There are broadly two classes of methods for identifying driver genes based on mutational data. The first class of methods13,14,15 rely on the rate of mutations in genes for a set of patients to identify driver genes. In these studies, the background mutation rate is estimated, and genes that show statistically different mutation rates are identified as driver genes. The rate of different types of mutations is used to calculate the background mutation rate14,15. The methods of identification differ in the statistical method used14. The rate of cell division and the length of the gene needs to be taken into account as the mutation rate may change depending on cell type and length and position of the genes15.

Among the different methods that exist for identifying driver genes, when validated using the Cancer Gene Census (CGC)16, it was observed that while the precision of identifying these genes was high, they had a very low recall12. Furthermore, genes identified through these approaches have high recurrence across different tumour samples. We now know that the rate of mutation is not sufficient for the identification of driver genes; instead, genes with low mutation rate can be driver genes if a mutation occurs at functionally important positions.

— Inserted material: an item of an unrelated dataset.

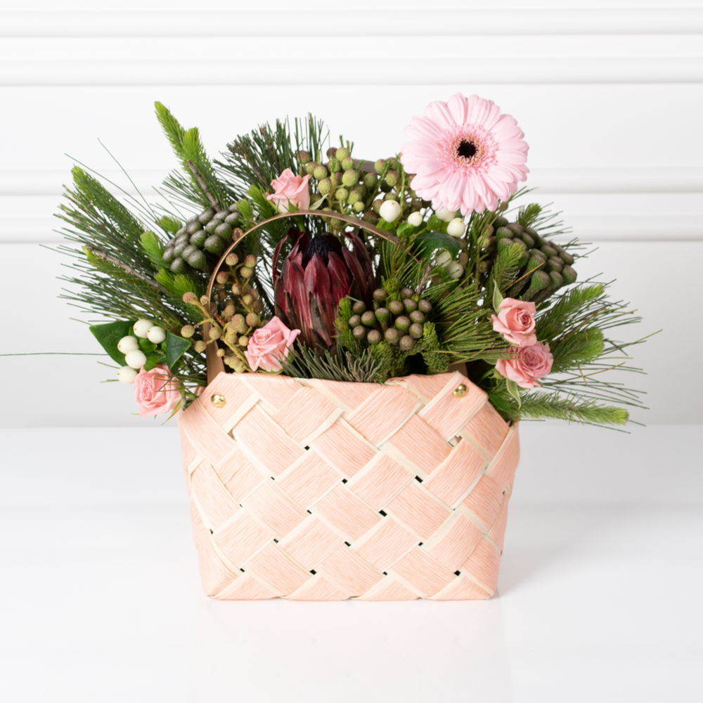 A beautifully arranged straw basket with Dutch safari flowers, baby roses, and gerberas.

The second class of methods use a ratio-metric approach, where not only the repeated occurrence of mutations is taken into consideration but also the functional impact of the mutations. Ratio-metric algorithms17,18,19 capture the proportion at which the different mutation types occur. The type of mutations and their ratios vary and are distinct for TSGs and OGs. For instance, TSGs are more likely to have indels (insertions and deletions), more specifically frameshift mutations, that lead to loss of function of the protein. On the other hand, OGs tend to accumulate missense mutations that confer the protein with a "gain of function"5,20. The recurrence of mutations is captured by the entropy features. These features are then used for differentiating between these two types of driver genes.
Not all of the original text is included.